Pretty girl.  Nice shot but you're right, some reflective light or fill flash would have made the image better.


----------



## bburzycki (Mar 6, 2010)

Visit CA I can handle that.....

Opinion on this shot is its fine - she is very pretty - its hard to not take a decent shot of a pretty girl.. that said - off camera strobe, or in this case a large difussion panel would make a load of good... diffused sunlight is one of the nicest light sources you can have for portrait work...The panels are not all cheap but a thin crappy bed sheet can work but i really reccomend the difussion material stretched out.

Just watch out for wind it can be much like a sail....

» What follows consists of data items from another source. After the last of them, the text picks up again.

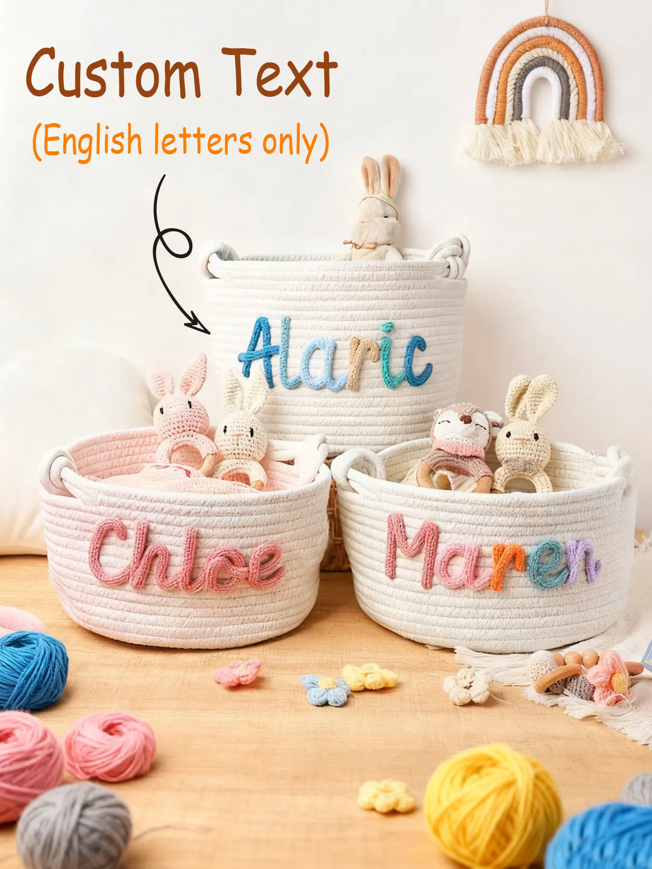1pc custom personalized vintage handmade round storage basket, customized letter name, daily life home decoration/Christmas gift
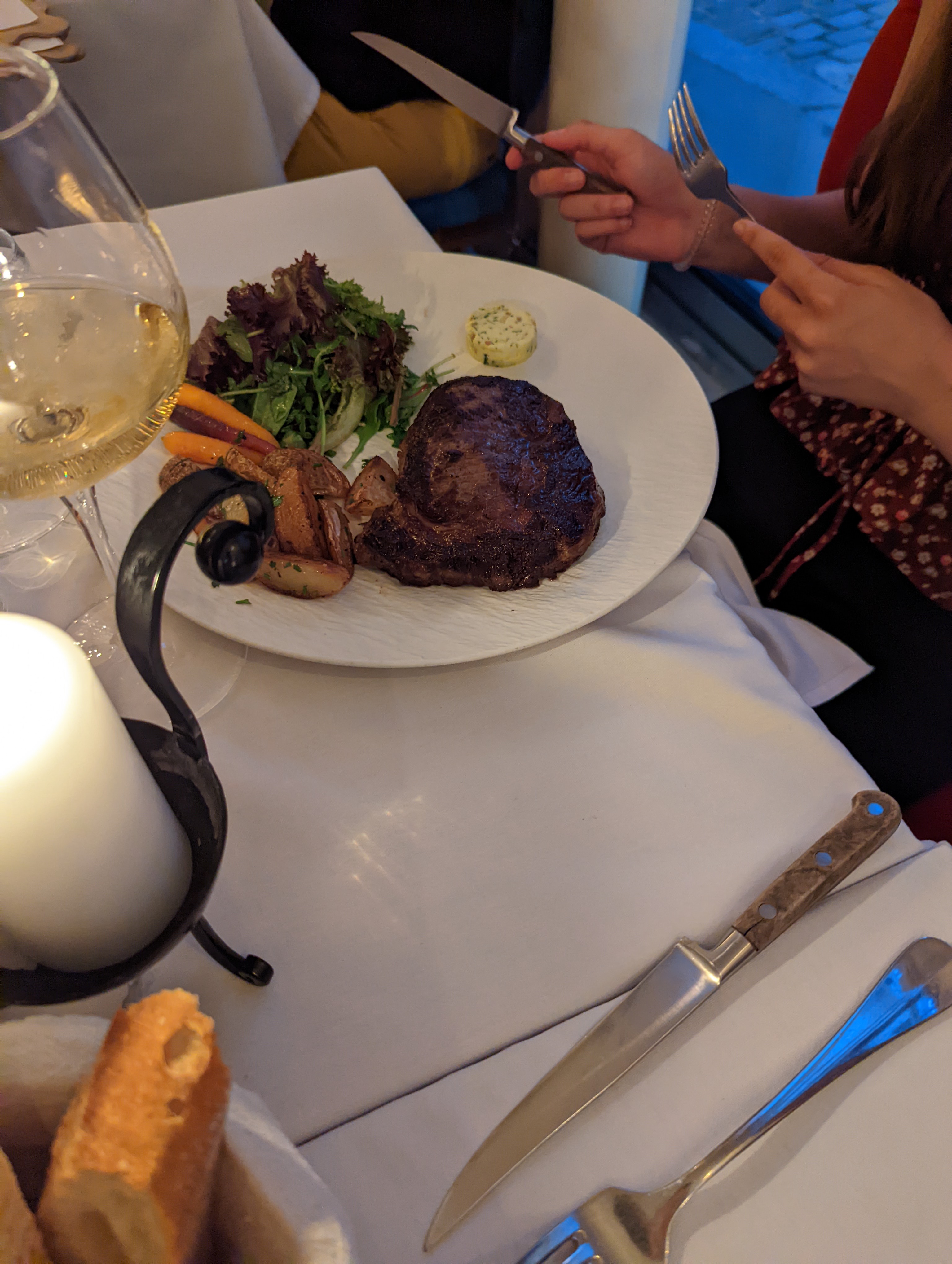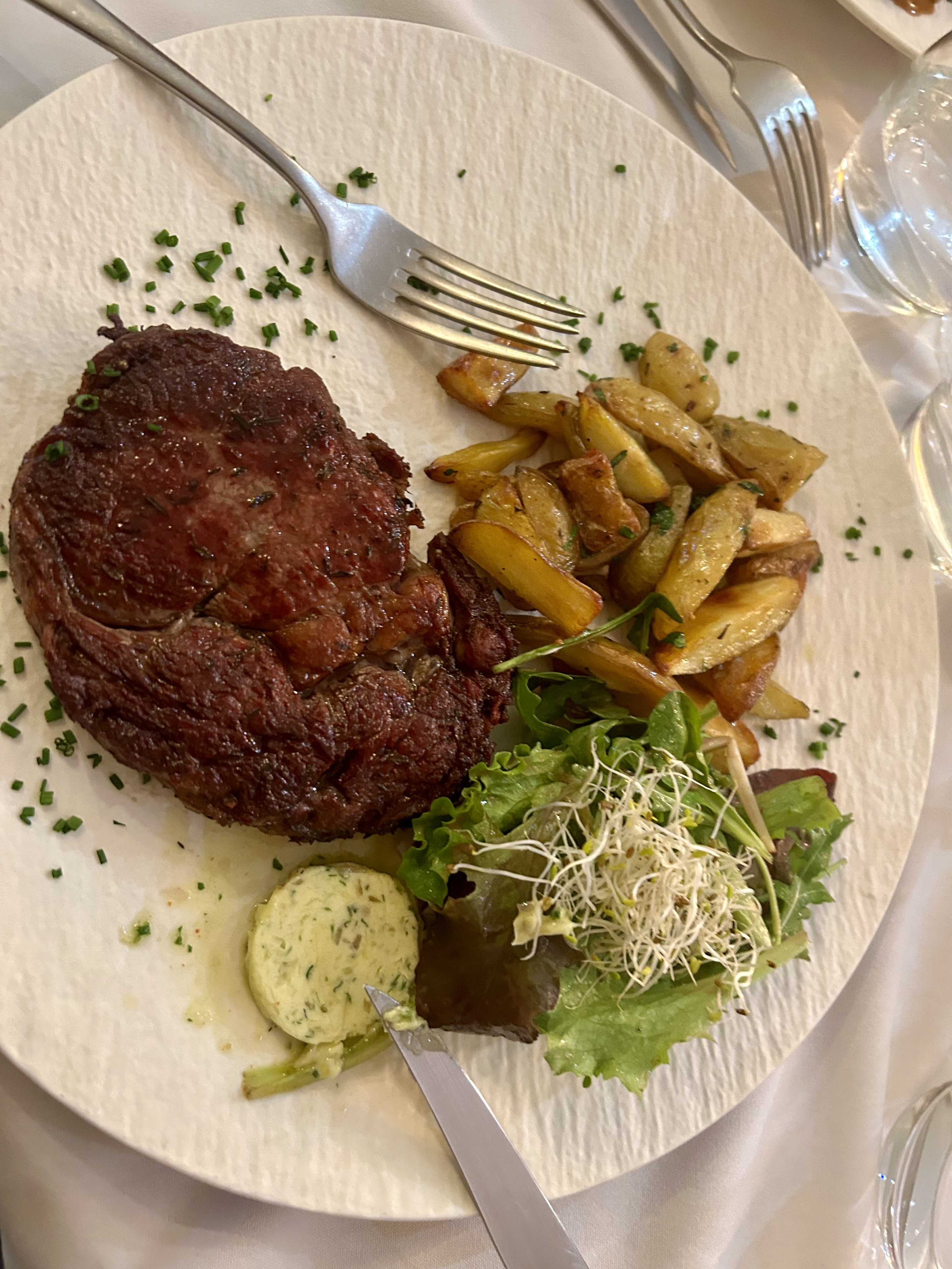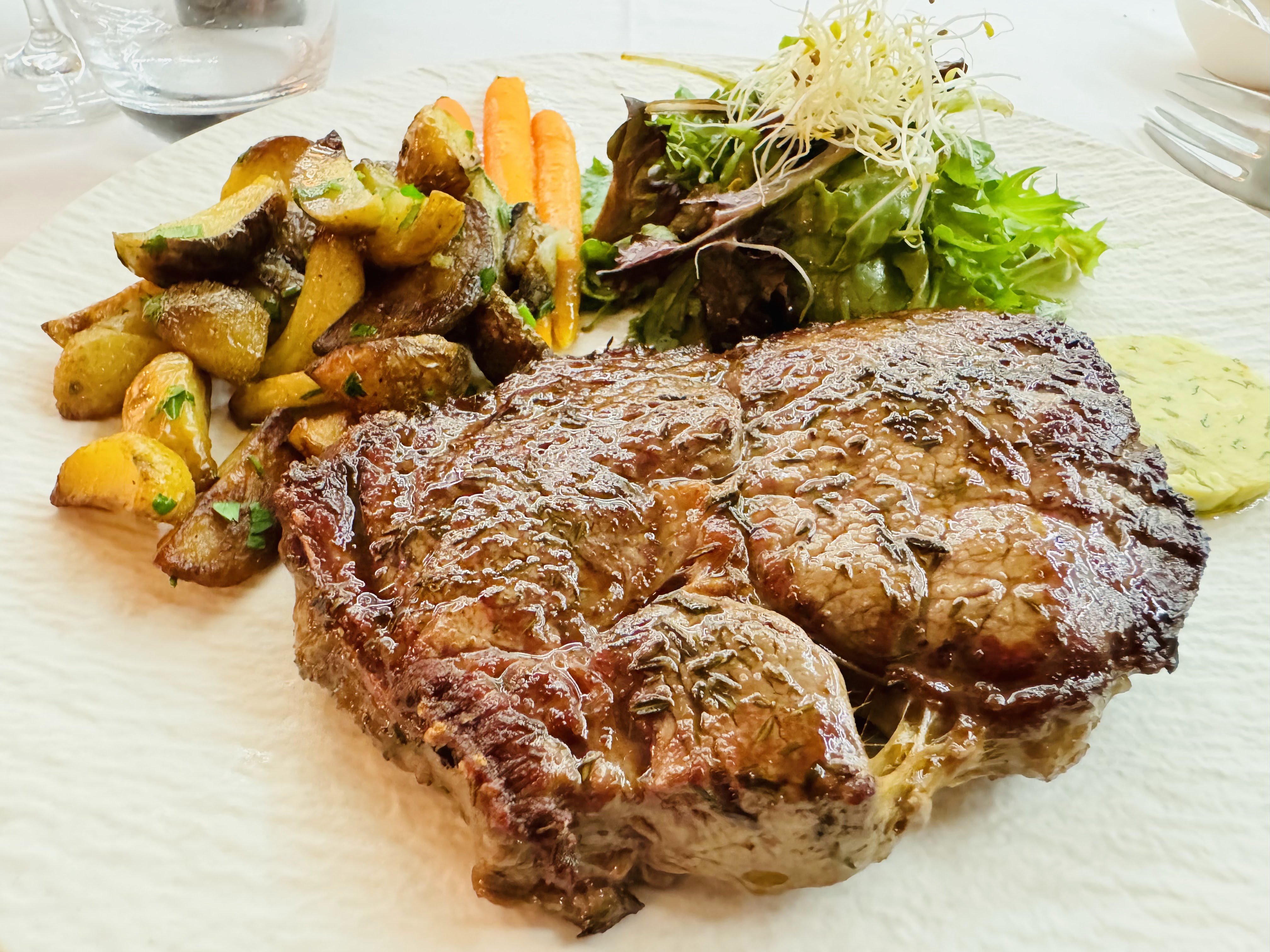 Un superbe bijou qui vaut vraiment le score. Arrivé pour un dîner, le personnel était super sympa, souriant et serviable. Il y avait le plateau de fromages en entrée - tout était super frais et la baguette était précieuse. Entrecôte pour plat, parfaitement cuite à point. Le beurre d’estragon est un ajout sucré à ce plat classique. La crème brûlée était excellente, bonne croûte et pas trop sucrée.
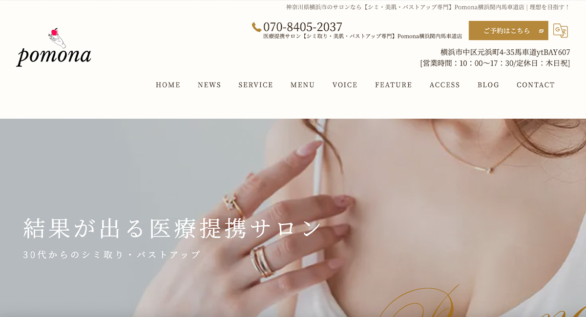 さらにPomonaには、シミ・シワケアや毛穴ケアのメニューもあるため、美肌を目指したい方にもおすすめです。
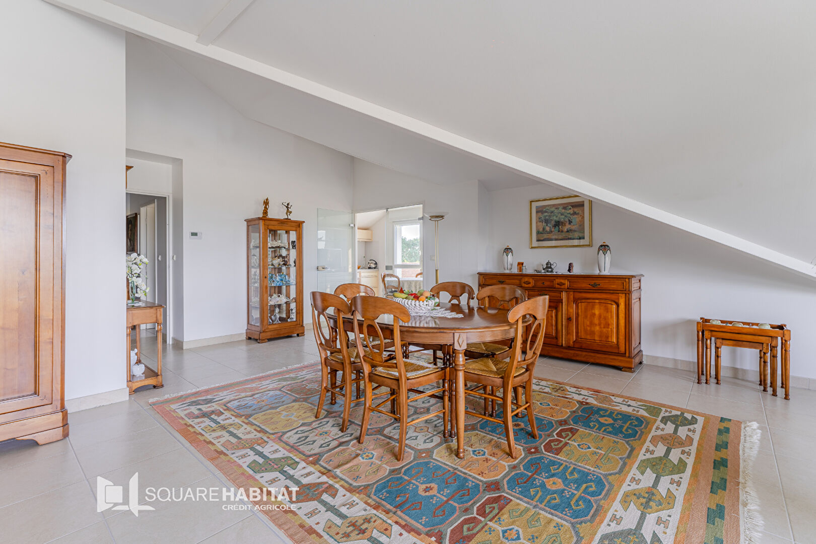 Entrée, séjour avec cuisine aménagée ouvrant sur terrasse,
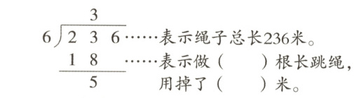 2. 有1捆236米长的绳子,每6米做1根长跳绳。
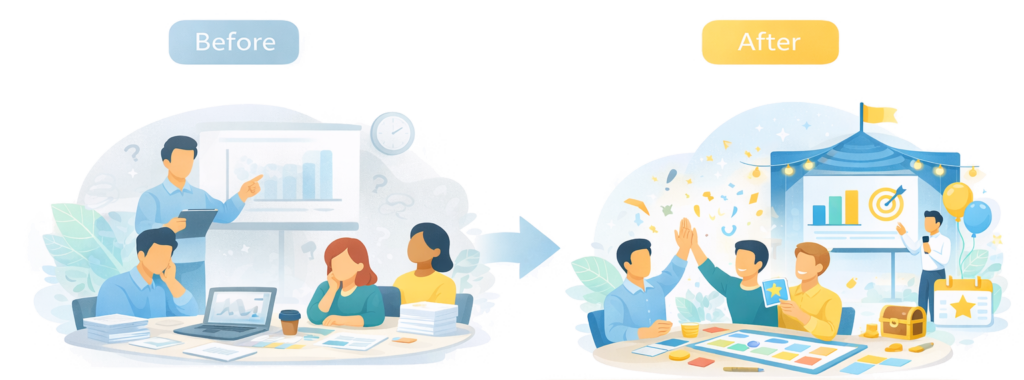 私たちはゲーミフィケーションを活用した体験型プログラムを通じて、心理的安全性の向上、主体性の促進、そして組織内のコミュニケーション活性化を支援します。
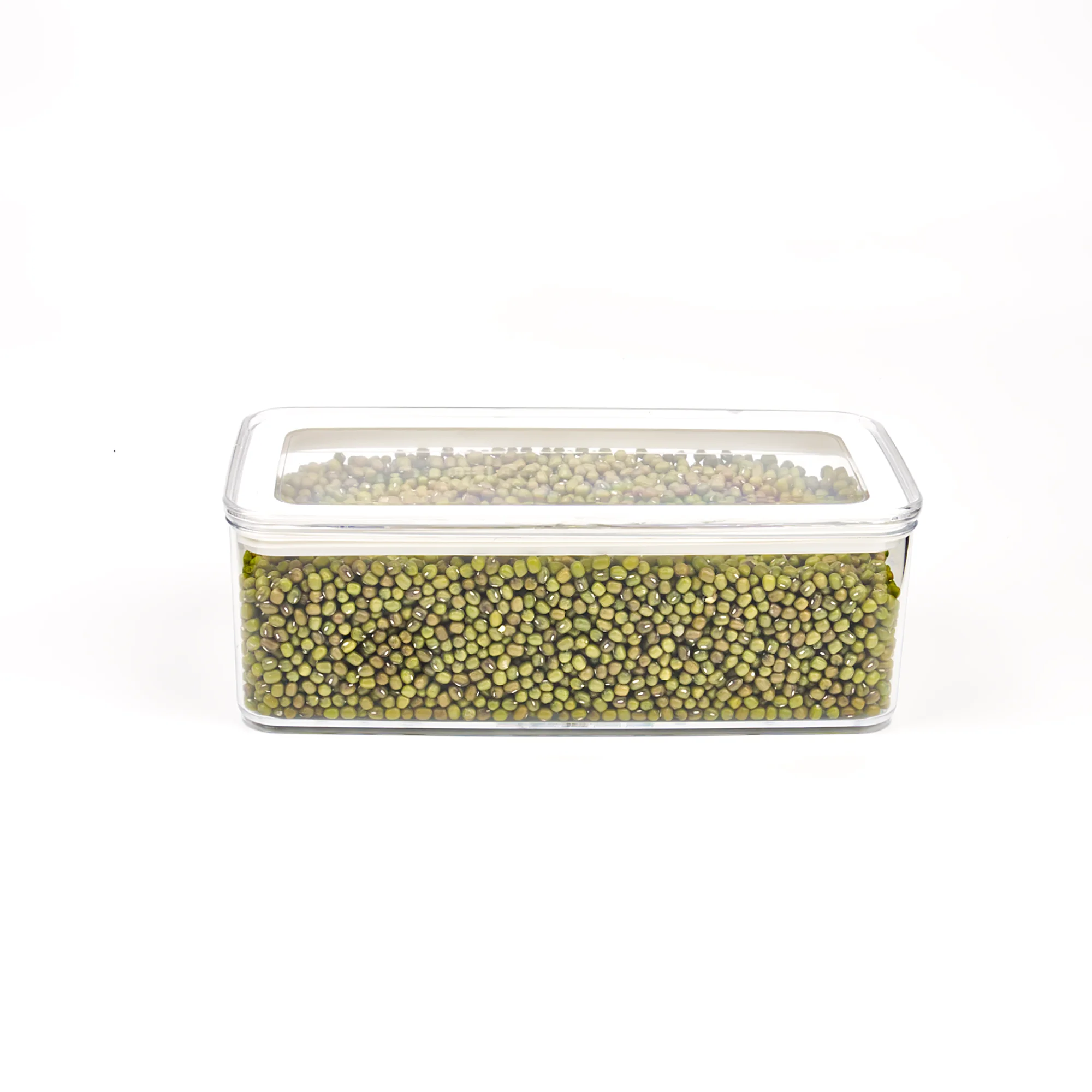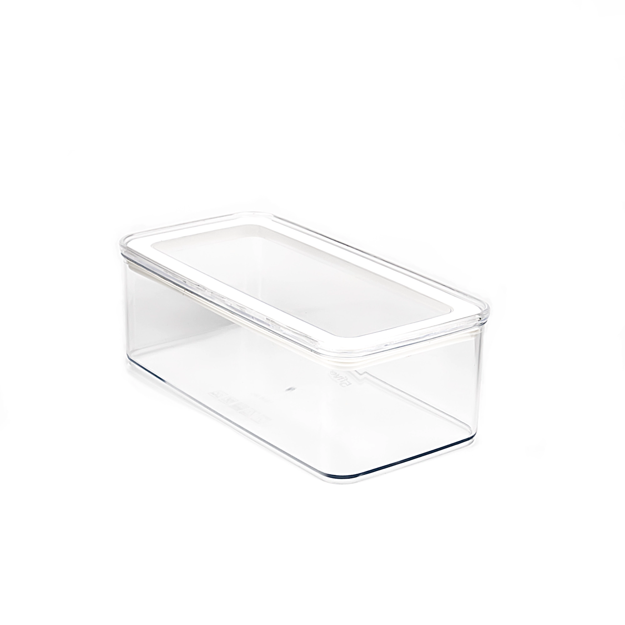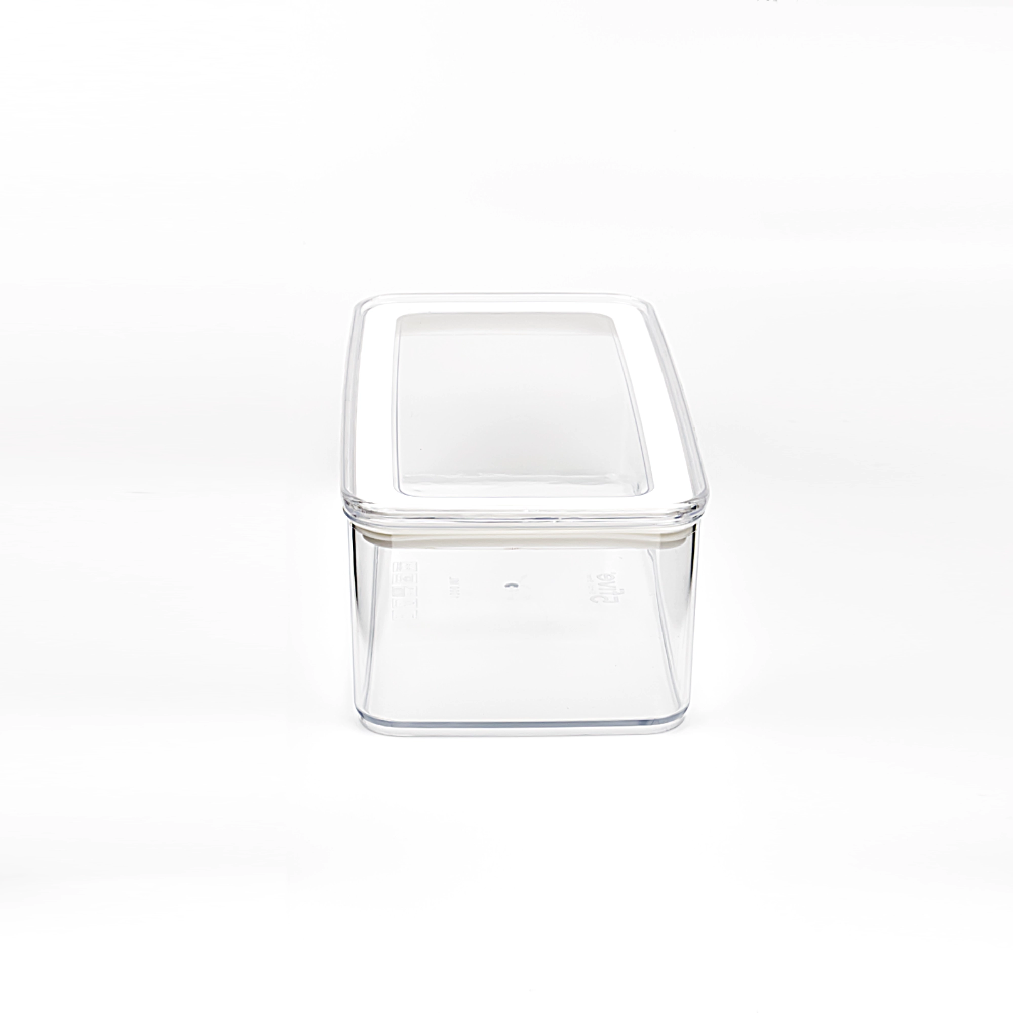 Plastmasas uzglabāšanas kārba ir caurspīdīga, tāpēc vienmēr redzēsi, kas tajā atrodas – ideāli piemērota miltiem, riekstiem, graudaugiem, kafijai, uzkodām vai pat neēdamām lietām, piemēram, sīkiem virtuves piederumiem vai bērnu radošajiem materiāliem. Pateicoties taisnstūrveida formai un plakaniem vākiem, vairākas kārbas var viegli sakraut vienu uz otras, taupot vietu skapī, ledusskapī vai plauktā.

Pretty funny thou when your unknowing assistant goes for a hangliding ride..


----------



## JimmyO (Mar 6, 2010)

Lighting on face is wierd, makes her eyes look unbalanced


----------



## Live_free (Mar 10, 2010)

lucky guy..... js


----------



## burnws6 (Mar 10, 2010)

ok, better photographer here....what do you need again?


----------



## Sinister_kid (Mar 10, 2010)

Agreeing with the light issue.. and definitely on the attractiveness of the girl too.


----------



## ghache (Mar 10, 2010)

Your girlfirend is HOT!


----------



## Early (Mar 10, 2010)

You could have placed her and the camera so that the sun was more directly behind her, but that a small matter.  I like the shot.  Nice color and exposure.  And you can tell her for me that her hair looks great.


----------